Directions: Your copy should begin at the line containing "Interactive Brokers offers" and end at the last line of the records; transcribe those lines exactly and leave out every picture.

+-------+

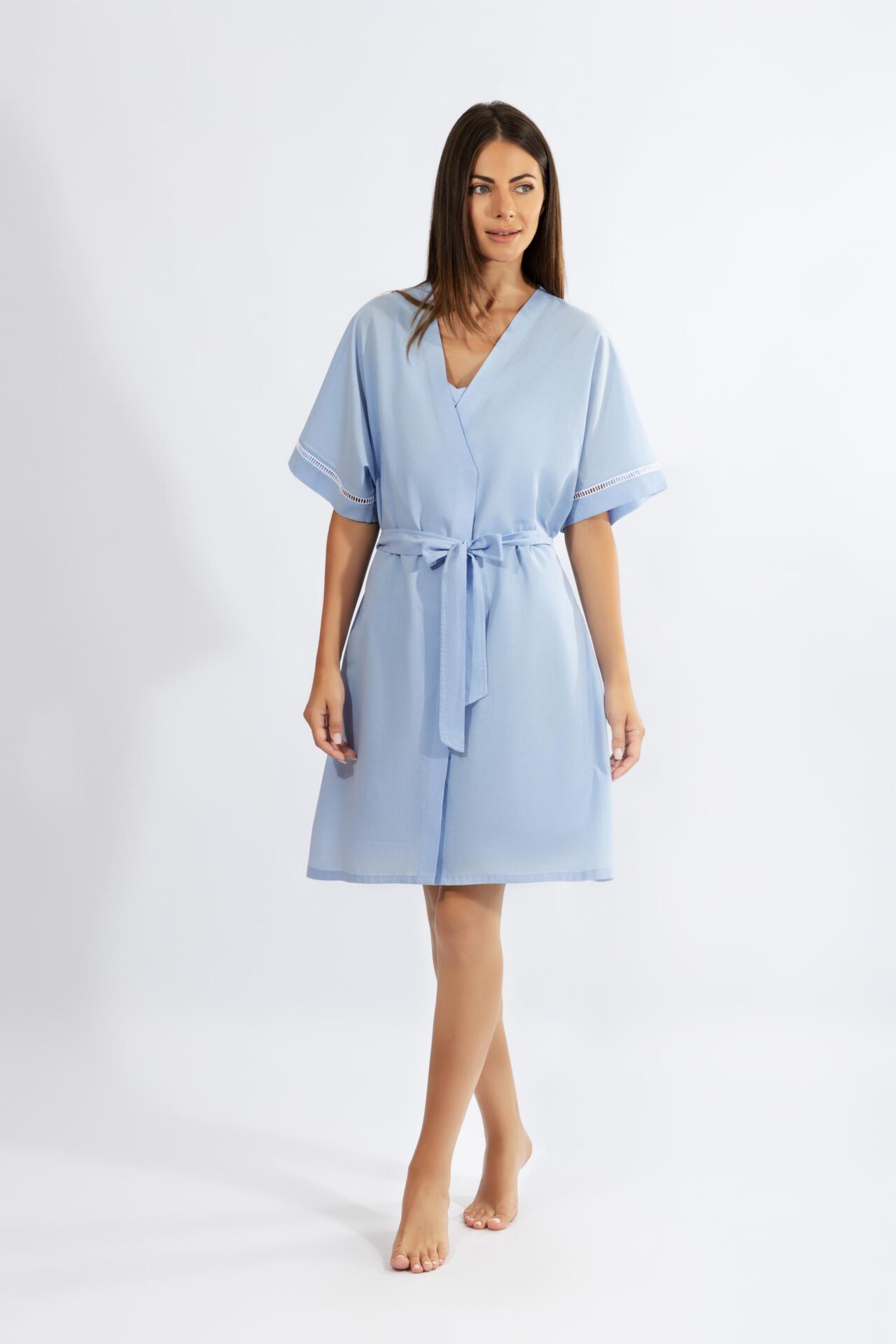Ρόμπα μονόχρωμη σταυρωτή Ποπλίνα cotton – 410701 ciel
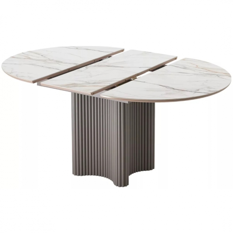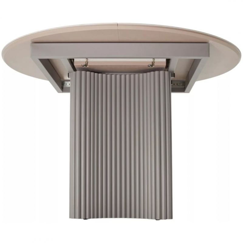 Каркас и ножки выполнены из металла в цвете латте матовый, обеспечивая прочность и устойчивость конструкции. Простая и надёжная система раскладывания позволяет увеличить диаметр стола за один шаг с минимальными усилиями.
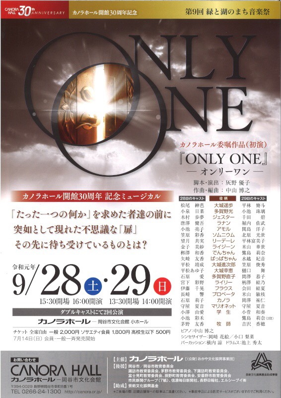 カノラホール開館30周年記念オリジナルミュージカル 『ONLY ONE 』-オンリーワン- 脚本・演出:灰野優子 作曲・編集:中山博之 【公演日時】 2019年 9月28日(土) 午後4時開演(午後3時3 […]
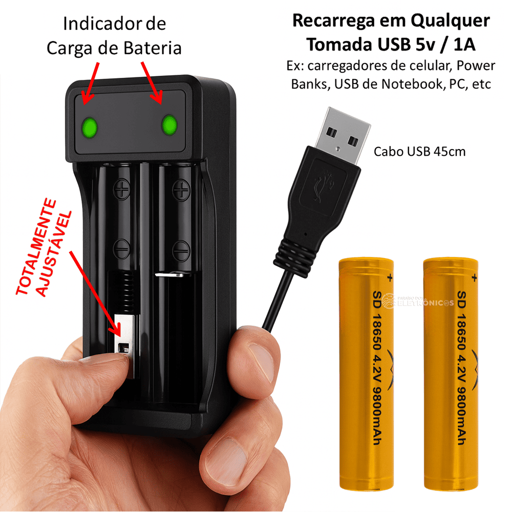Carregador Universal USB Com 2 Baterias Recarregáveis 18650 4.2V 9800mAh Com Indicador de Carga – LEY2034
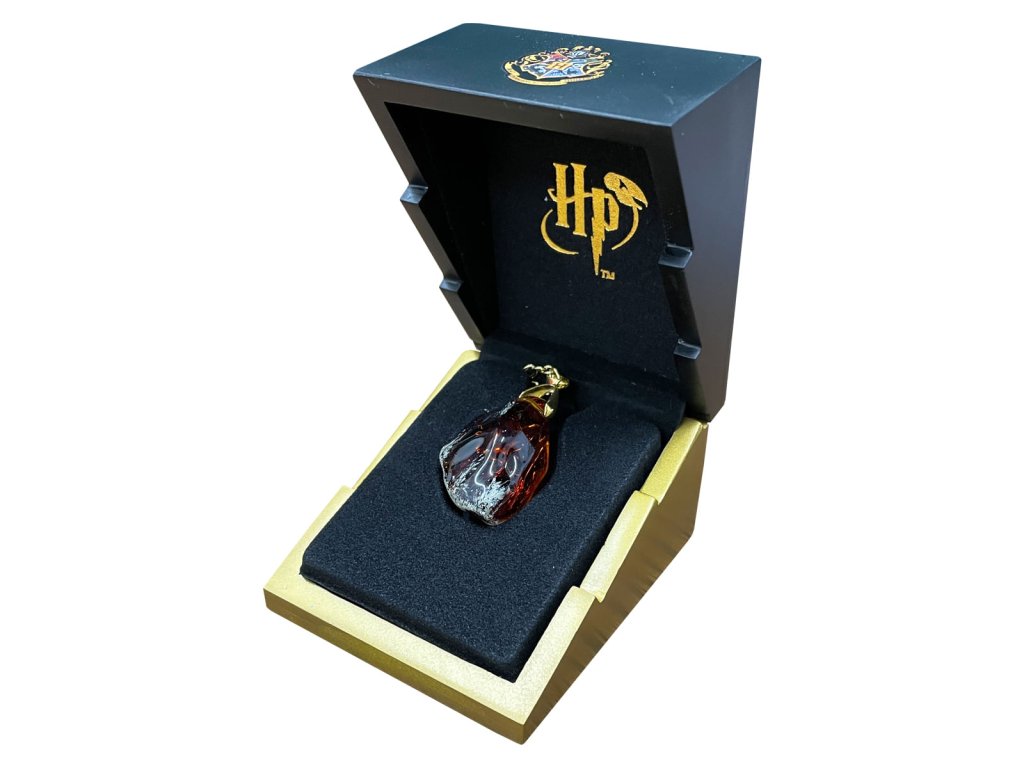 Kámen mudrců, slavný alchymistický artefakt, který se stal ústředním motivem prvního dílu Harryho Pottera. Tato replika je cca 3,5 cm vysoká, opatřená pozlaceným řetízkem. Součástí je stylová krabička s černým polstrováním. Chceš-li poznat pravý kámen mudrců, hledej v sobě samém a začni tím, že poznáš sama sebe .R. Fludd
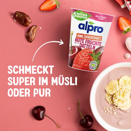 Alpro Joghurtalternative auf Soja Basis Rote Früchte mit Datteln ohne Zuckerzusatz VEGAN
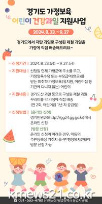 ‘가정보육 어린이 건강과일 지원사업’은 유치원이나 어린이집에 다니지 않고, 가정에서 돌봄을 받는 어린이들에게 신선한 국내산(경기도산 우선) 제철과일을 제공하는 사업이다. 고품질의 신선한 제철과일 섭취를 통해 어린이의 식습관 개선과 건강 증진을 위한 것이다.
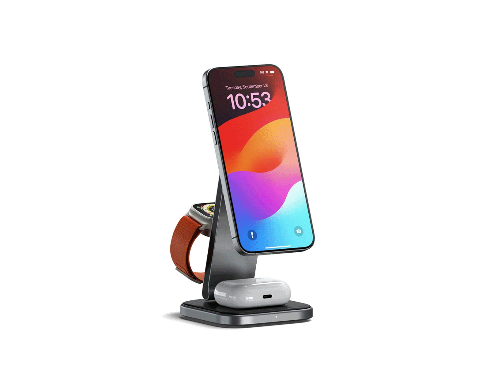 Tutustu latauksen tulevaisuuteen Satechi 3-in-1 Foldable Qi2 Charging Stand -lataustelineen avulla, joka on tyylikäs ja kompakti ratkaisu iPhonen, Apple Watchin ja AirPod-laitteiden lataamiseen samanaikaisesti. Tämä latausteline on suunniteltu yksinkertaistamaan jokapäiväistä elämääsi, ja siinä yhdistyvät sekä tyyli että toimivuus. Edistyksellisellä Qi2-tekniikalla saat nopeammat latausnopeudet ja maksimaalisen suorituskyvyn. Tämän ansiosta iPhonesi voi ladata jopa 15 wattia, kun taas AirPods ja Apple Watch saavat kumpikin 5 wattia. Teline tukee StandBy-tilaa, jonka avulla voit jatkaa puhelimen toimintojen käyttöä latauksen aikana. Pikalataustuen ansiosta Apple Watch voi olla valmis ennätysajassa, mikä tarjoaa sinulle maksimaalisen käyttömukavuuden joka aamu.Täydellinen tekniikkaa taitaville matkailijoille, taitettava muotoilu sopii kaikkeen kiireisistä työpäivistä pidempiin matkoihin. Kansainvälisten matkasovittimien ansiosta teline on valmis tarjoamaan kätevän latauksen missä tahansa. Vankka rakenne laadukkaasta alumiinista yhdistettynä naarmuuntumattomaan vegaaniseen nahkaan ja silikoniin, tarjoaa paitsi kestävän muotoilun myös modernin ja tyylikkään ulkonäön, joka sopii kaikkiin ympäristöihin.
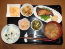 ごはん、味噌汁(あげ、ワカメ、長ネギ)、ぶりの磯辺焼き、ポテトサラダ、厚揚げとふきの煮物、キャベツの土佐煮、大豆煮、フルーツ:バナナ(ブルーベリーソースがけ) |
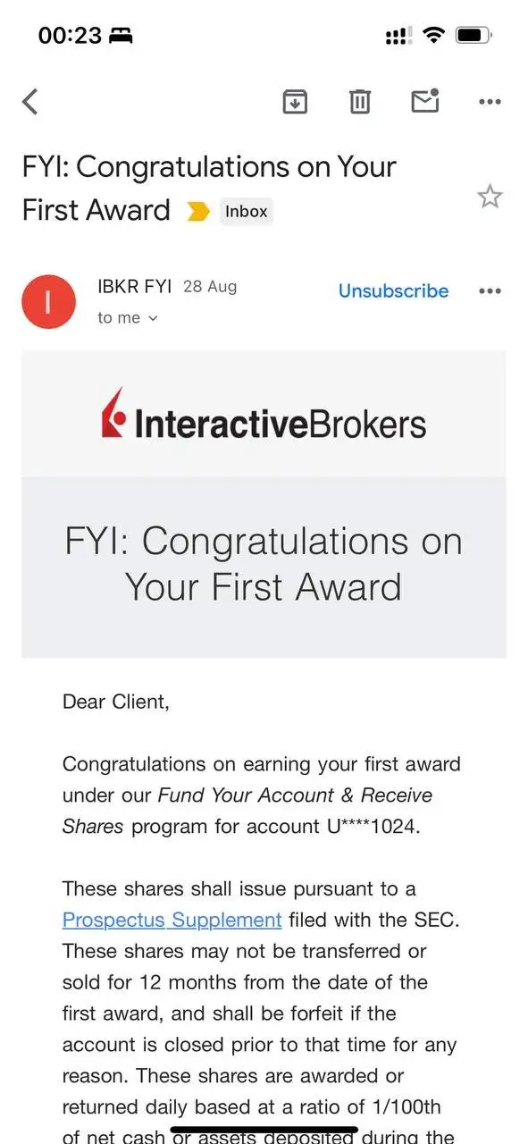 Interactive Brokers offers a sign-up bonus for new clients through a referral program. When new users open an account and put in certain amounts, they get IBKR stock. This promotion is meant to attract new clients and motivate current users to refer friends.
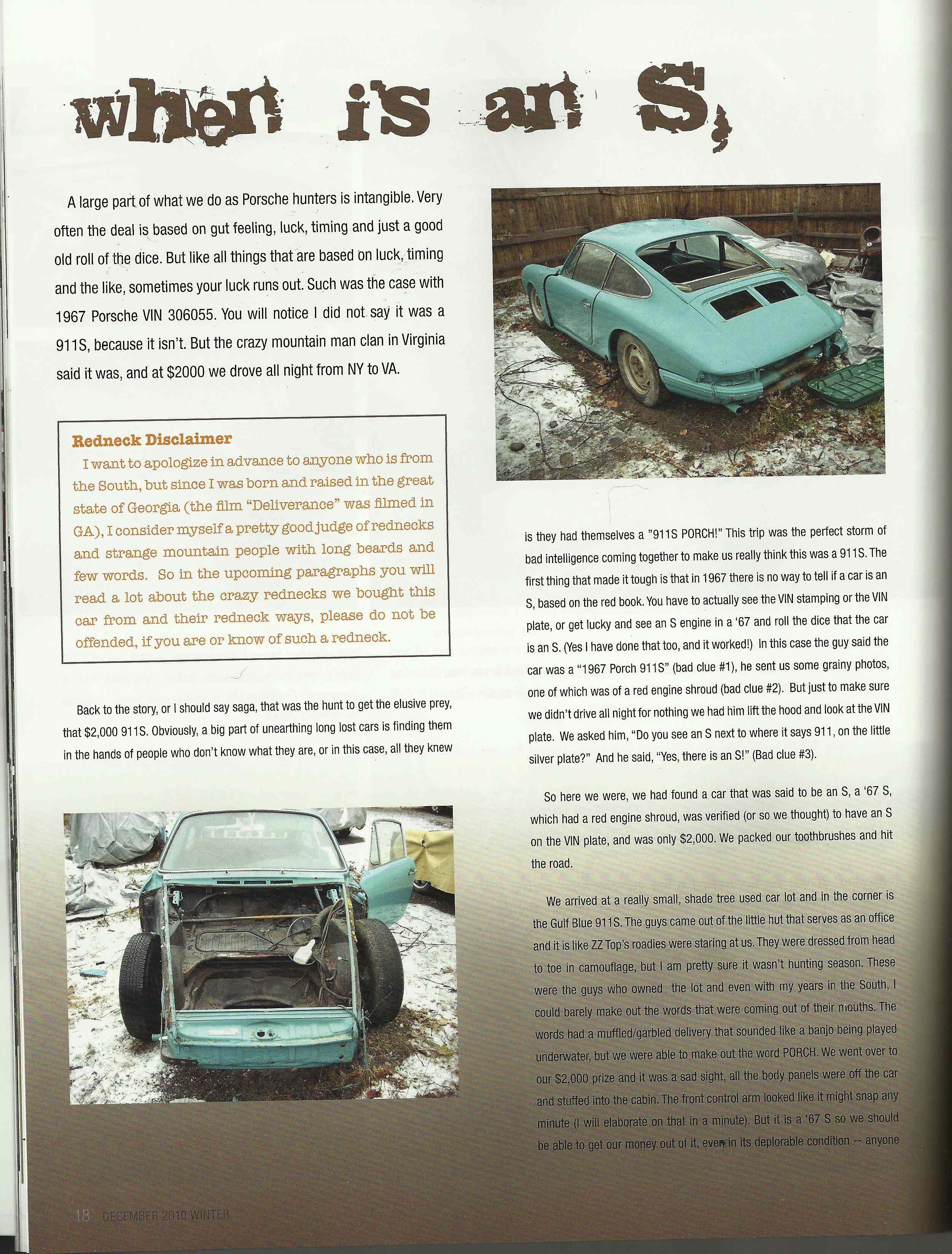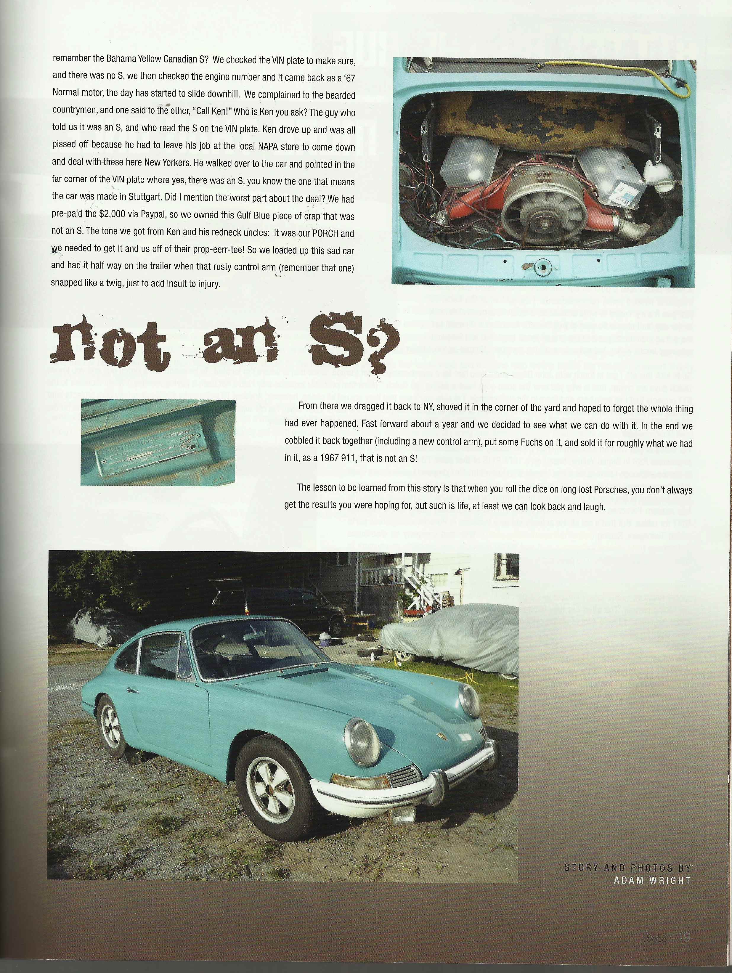 But, would a guy who has that many 914s really not know what to look for? It could be a ruse........? I agree, be very careful thinking you are out-thinking a guy with a yard full of 914's. It could be a BB, or it could be a car with some yellow paint and wheels. The difference is in the details. Buying a car based on a few visual cues can lead to a lot of $$$ trouble. Like the time I went to go buy a 67 911S, except the S was the S on the VIN plate that meant it was made in Stuttgart. You can read about it here. Attached thumbnail(s) |
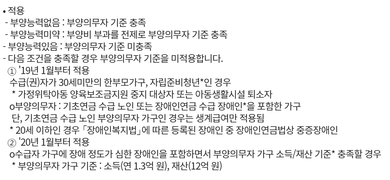 또한 부양의무자가 있어도 실제로 부양이 어렵거나
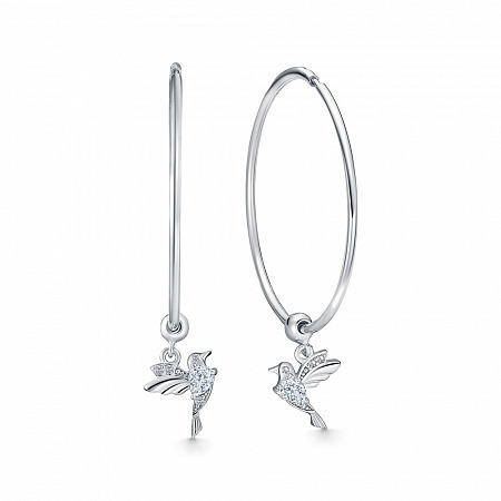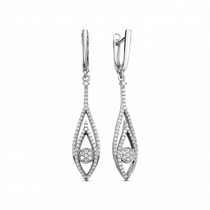 Серьги с фианитом родированные серебро 925*
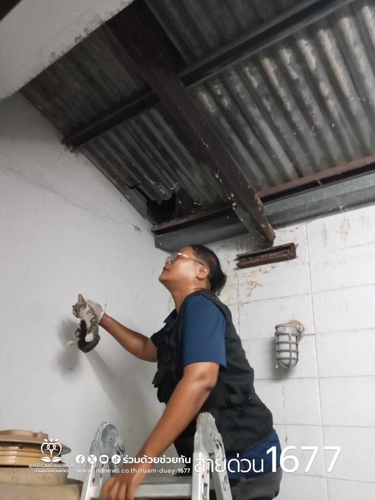 ประชาชนโทร.1677 ขอความช่วยเหลือ มีลูกแมวจรจัดตกจากหลังคาบ้าน แม่แมวร้องเรียกหา ประสานอาสาร่วมด้วยเข้าช่วยเหลือ

+-------+

Output for this task:
 Interactive Brokers offers a sign-up bonus for new clients through a referral program. When new users open an account and put in certain amounts, they get IBKR stock. This promotion is meant to attract new clients and motivate current users to refer friends.
 But, would a guy who has that many 914s really not know what to look for? It could be a ruse........? I agree, be very careful thinking you are out-thinking a guy with a yard full of 914's. It could be a BB, or it could be a car with some yellow paint and wheels. The difference is in the details. Buying a car based on a few visual cues can lead to a lot of $$$ trouble. Like the time I went to go buy a 67 911S, except the S was the S on the VIN plate that meant it was made in Stuttgart. You can read about it here. Attached thumbnail(s) |
 또한 부양의무자가 있어도 실제로 부양이 어렵거나
 Серьги с фианитом родированные серебро 925*
 ประชาชนโทร.1677 ขอความช่วยเหลือ มีลูกแมวจรจัดตกจากหลังคาบ้าน แม่แมวร้องเรียกหา ประสานอาสาร่วมด้วยเข้าช่วยเหลือ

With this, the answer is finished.